番組表
「酒酔い運転」に新基準 施行1カ月で早くも4人検挙 アルコールは寝ても抜けない
2026年09月08日

2026年7月の道路交通法改正により、これまでよりも明確な数値基準が設けられた「酒酔い運転」。施行からわずか1カ月の間に、宮崎県内では早くも4人が検挙され、そのうち3件は人や車にぶつかる事故だった。新基準の狙いと飲酒運転がもたらす危険性について、県内の実態を追う。
【動画】 酒酔い運転の検挙者増加 厳罰化から1カ月 飲酒運転の実態
曖昧だった「酒酔い運転」に数値基準
飲酒運転の罰則には「酒気帯び運転」と、より罰則の重い「酒酔い運転」の2種類がある。これまで酒気帯び運転には「体内アルコール濃度が呼気1リットルあたり0.15ミリグラム以上」という基準があった一方で、酒酔い運転には「正常な運転ができない恐れがある状態」という要件のみで、明確な基準値はなかった。
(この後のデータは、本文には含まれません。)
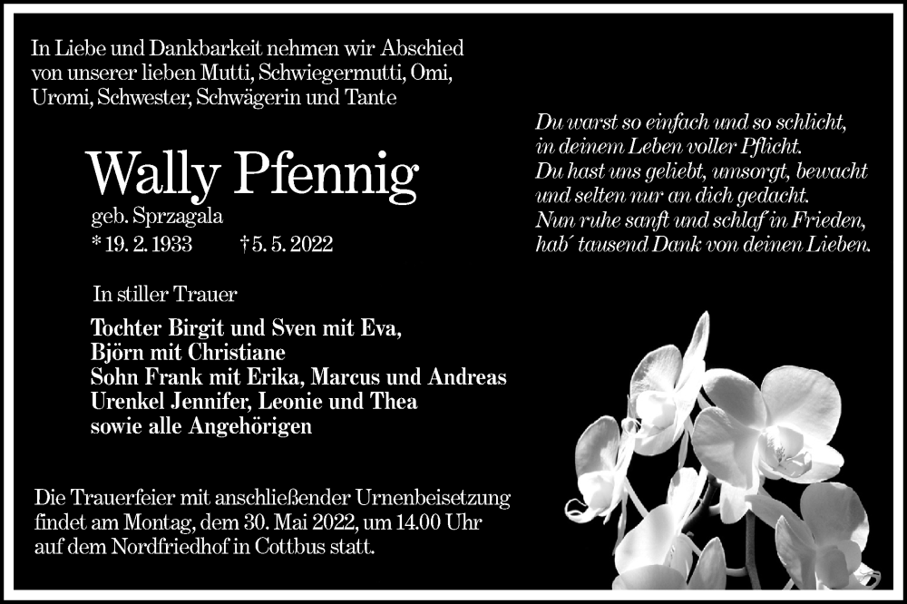 Hier finden Sie alle Traueranzeigen aus der Zeitung, die bisher für Wally Pfennig erschienen sind. Weitere Traueranzeigen, die in der Zeitung erscheinen, werden hier ebenfalls aufgelistet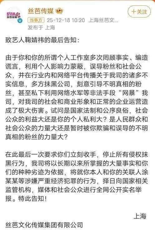 前言 从丝芭传媒公开发布的收入信息来看,『鞠婧祎』的职业生涯似乎十分顺利,收入丰厚。 截至2024年5月,她的税前收入已经累计达到了1.39亿元,每个月的固定工资稳定在25万元,这对于大多数人来说,即便辛苦工作一辈子,也难以达到这样的水平。 然而,令人意外的是,这位拥有巨额财富、住在江景豪宅中的女『明星』️,却被曾经的经纪公司丝芭传媒发出了几乎无情的最后通牒。 丝芭传媒公开发布声明,表示将对她和其相关人员进行实名举报,指控她涉嫌严重经济犯罪。这不再仅仅是普通的经纪合同纠纷,如果经济犯罪被确认,轻则意味着与品牌的解约、项目的停摆,重则可能面临法律追究和个人限制。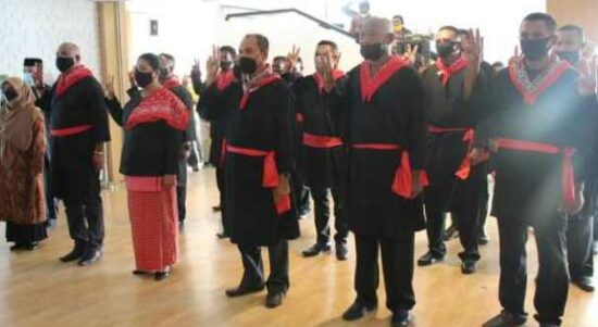 AMBON– Wakil Walikota (Wawali) Ambon, Syarif Hadler bertempat di Unit Layanan Administrasi (ULA) Balai Kota Ambon, meresmikan anggota Saniri Negeri Nusaniwe dan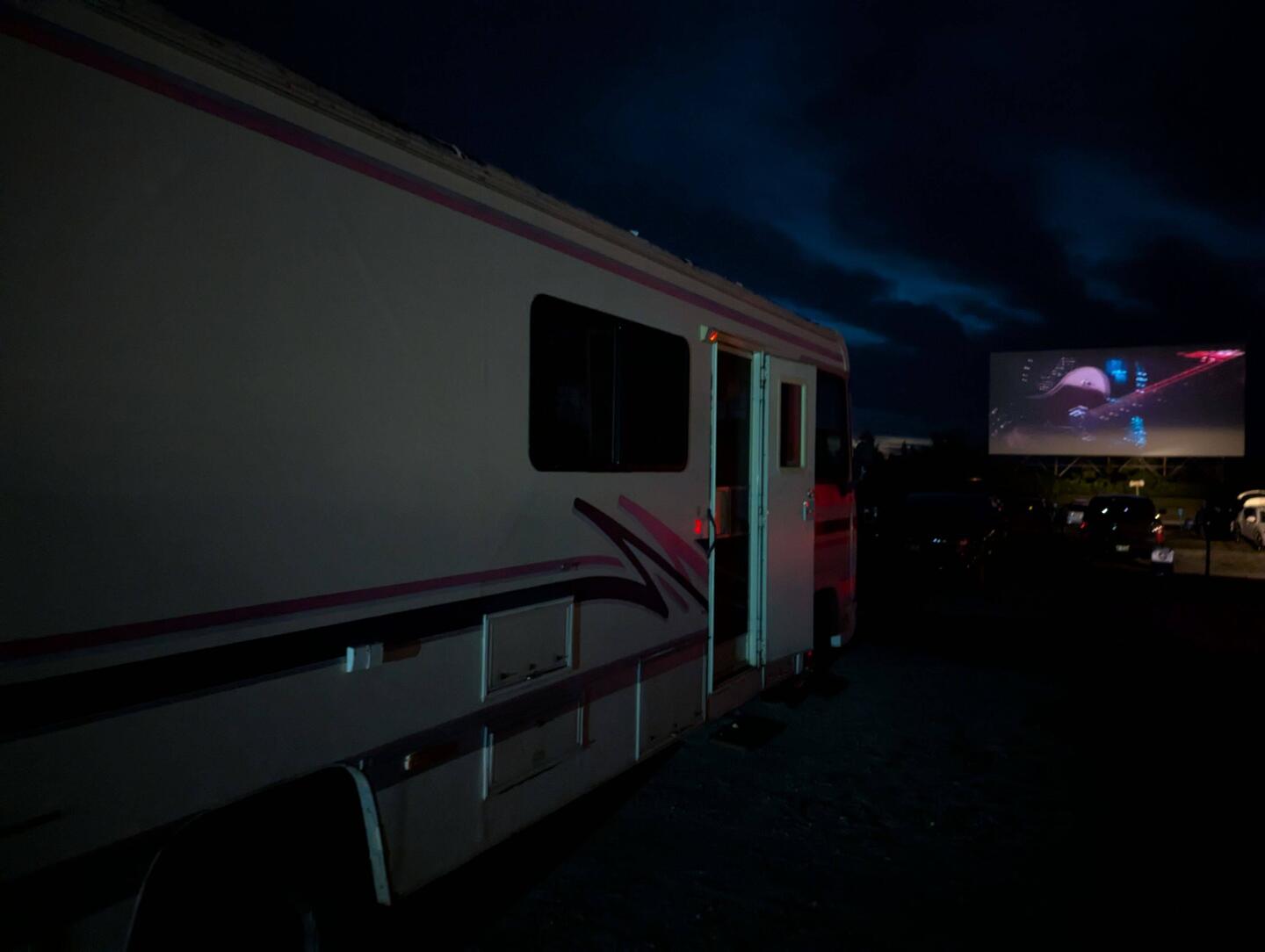 RVing at the drive-in. Good food, good movies. They even let us spend the night. (They don't lock the gate).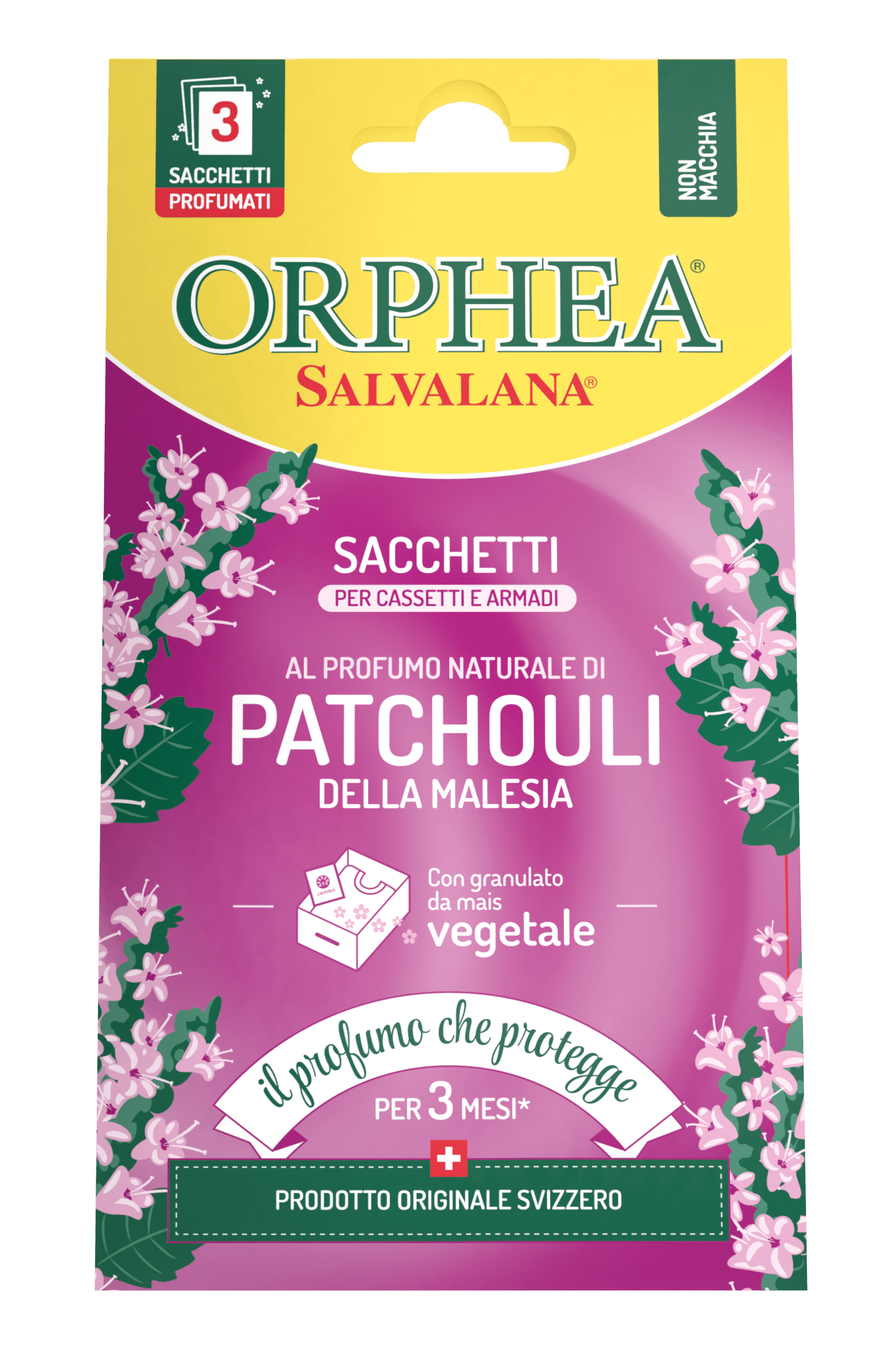 Per la primavera 2023 avremo a disposizione un nuovo alleato per la cura dei nostri capi più preziosi. I Sacchetti Profumati per Cassetti e Armadi, realizzati in tessuto non tessuto con granulato da mais vegetale, si arricchiscono di una nuova profumazione. A fiori e lavanda maillette si aggiunge infatti patchouli: tre profumazioni naturali e ricercate per proteggere e inebriare i tessuti in maniera efficace e duratura nel tempo (confezione 3 sacchetti).

しかし、7月の法改正により、酒酔い運転にも「呼気1リットルあたり0.5ミリグラム以上」という明確な数値基準が設定された。
今回の法改正に対し、県民の意見は・・・
40代男性:
少しなら飲んで乗っても大丈夫だろうというのが結構増えてきているので、厳しくしてもいいんじゃないかと。
40代男性:
実際自分たちが飲んで数値がどれくらい出るかというのは皆さん知らないと思うので、正直改正について意識はしてないなと。皆さんそうだとは思います。
20代女性:
改正されても変わらない人は変わらないんじゃないかなと思います。
現場ではすでに大きな変化があらわれている。法改正からわずか1カ月で、県内では酒酔い運転により4人が検挙された。

県警本部交通部交通指導課 小森誠理事官:
昨年1年間(2025年)で6人が酒酔い運転で逮捕されているということを踏まえると、この約1カ月で4人という数字は大きいのではないかと思う。
今回検挙された4件のうち3件は、車と歩行者または車同士の事故を引き起こして逮捕されたケースだった。
2025年の飲酒運転による検挙者423人のうち酒酔い運転での検挙者はわずか6人。また飲酒運転が原因の人身事故は34件発生し、2人が死亡している。
今回の改正により基準値が設けられたことで、警察は今後、酒酔い運転の検挙数が増加すると見ている。
認知・判断の遅れが事故を誘発 「仮眠」でも抜けないアルコール
酒酔い運転の基準値となった体内アルコール濃度呼気1リットルあたり0.5ミリグラム以上とは、一般的にどの程度飲むと検知されるのだろうか。
県警本部交通部交通指導課 小森誠理事官:
体重60キロの方が大瓶ビール2本程度、日本酒であれば2合程度飲んで30分経過した場合、呼気中のアルコール濃度が1リットルにつき0.5ミリグラム以上に達する可能性がある。
アルコールが身体や運動能力に及ぼす影響は極めて大きい。

ビール大瓶5本程度を飲酒した感覚を疑似体験できる特殊ゴーグルを装着して、歩行テストを実施した。

直線上をまっすぐ歩いているつもりだが、斜めに進んでいる。

障害物を避けて歩く実験でも、障害物にぶつかってしまい、うまく歩くことができなかった。
宮崎県警の小森誠理事官は、飲酒時の危険性について「運転する際の認知、判断、操作に必ず遅れが生じる。信号や標識の見落とし、歩行者の発見が遅れることで事故につながる」と指摘する。
警察は「仮眠をとったり数時間経過したりしても、アルコールが完全に抜けているとは限らない」と注意を促し、飲酒運転の撲滅を強力に呼びかけている。
酒気帯び運転の罰則は「3年以下の拘禁刑または50万円以下の罰金」、酒酔い運転は「5年以下の拘禁刑または100万円以下の罰金」が科される。
自分のためにも他人のためにも「飲んだら乗るな」を徹底していきたい。